Public tuberculosis (TB) clinics in urban Morocco.

Objective

Explore risk factors for TB treatment default and develop a prediction tool. Assess consequences of default, specifically risk for transmission or development of drug resistance.

Design

Case-control study comparing patients who defaulted from TB treatment and patients who completed it using quantitative methods and open-ended questions. Results were interpreted in light of health professionals’ perspectives from a parallel study. A predictive model and simple tool to identify patients at high risk of default were developed. Sputum from cases with pulmonary TB was collected for smear and drug susceptibility testing.

Results

91 cases and 186 controls enrolled.

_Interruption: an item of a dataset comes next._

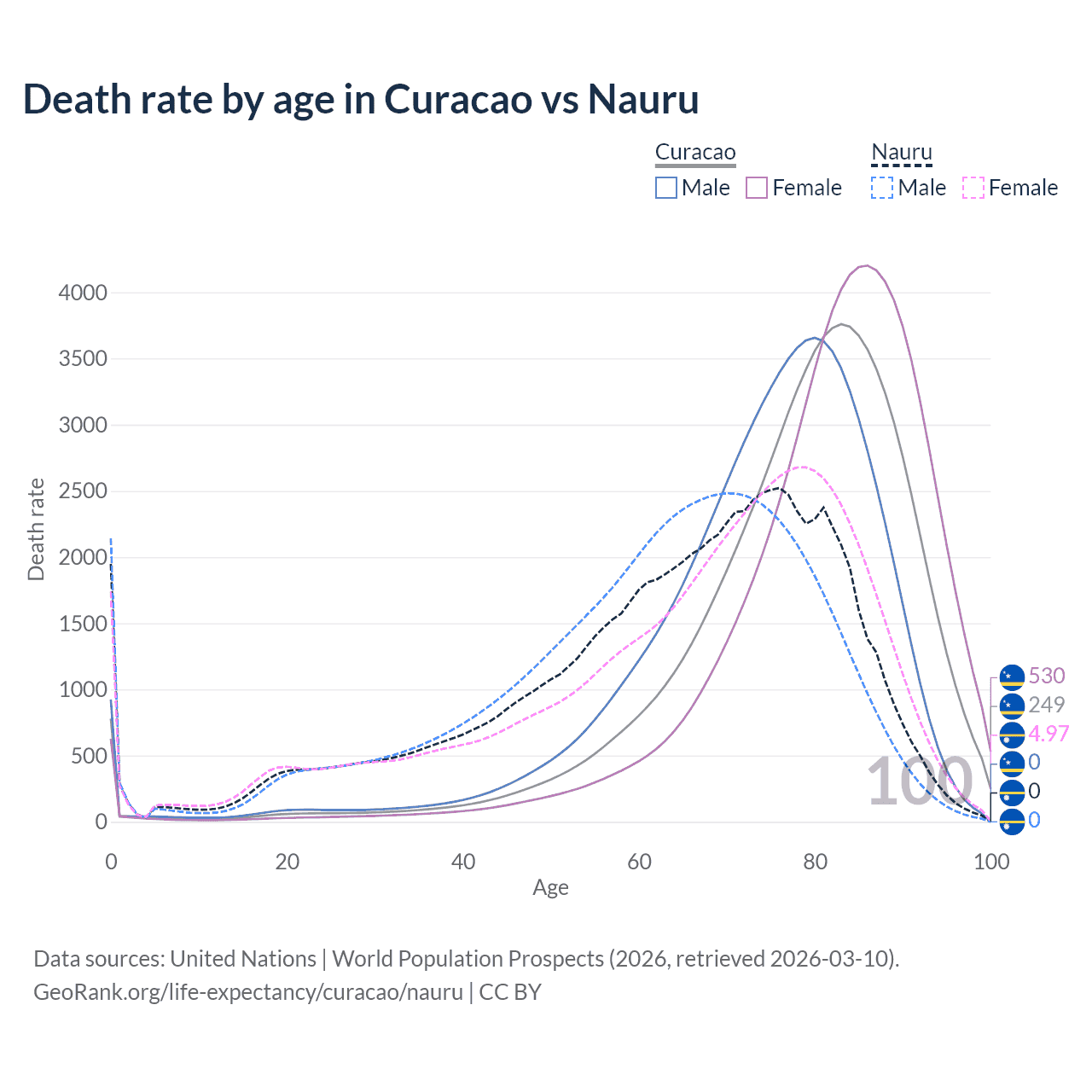 In Curacao, the most common age of death is 83, compared to 76 in Nauru. The median age of death is 80.4 in Curacao and 67.3 in Nauru, meaning only half of each cohort is expected to live past that age.

Independent risk factors for default included current smoking, retreatment, work interference with adherence, daily directly observed therapy, side effects, quick symptom resolution, and not knowing one’s treatment duration. Age >50 years, never smoking, and having friends who knew one’s diagnosis were protective. A simple scoring tool incorporating these factors was 82.4% sensitive and 87.6% specific for predicting default in this population. Clinicians and patients described additional contributors to default and suggested locally-relevant intervention targets. Among 89 cases with pulmonary TB, 71% had sputum that was smear positive for TB. Drug resistance was rare.

Conclusion

The causes of default from TB treatment were explored through synthesis of qualitative and quantitative data from patients and health professionals. A scoring tool with high sensitivity and specificity to predict default was developed. Prospective evaluation of this tool coupled with targeted interventions based on our findings is warranted. Of note, the risk of TB transmission from patients who default treatment to others is likely to be high. The commonly-feared risk of drug resistance, though, may be low; a larger study is required to confirm these findings.

Introduction

Tuberculosis (TB) remains a global health threat, with 8.6 million cases and 1.3 million TB-related deaths in 2012 [1]. One major obstacle to the control of TB is failure to complete the lengthy treatment of 6 or more months. Treatment default is defined by the World Health Organization (WHO) as treatment interruption of at least two months. Patients with pulmonary TB who default may have sputum samples that are smear positive for acid-fast bacilli (AFB), indicating high risk of transmission to others [2]. TB treatment default is also associated with an increased risk of mortality [3], [4].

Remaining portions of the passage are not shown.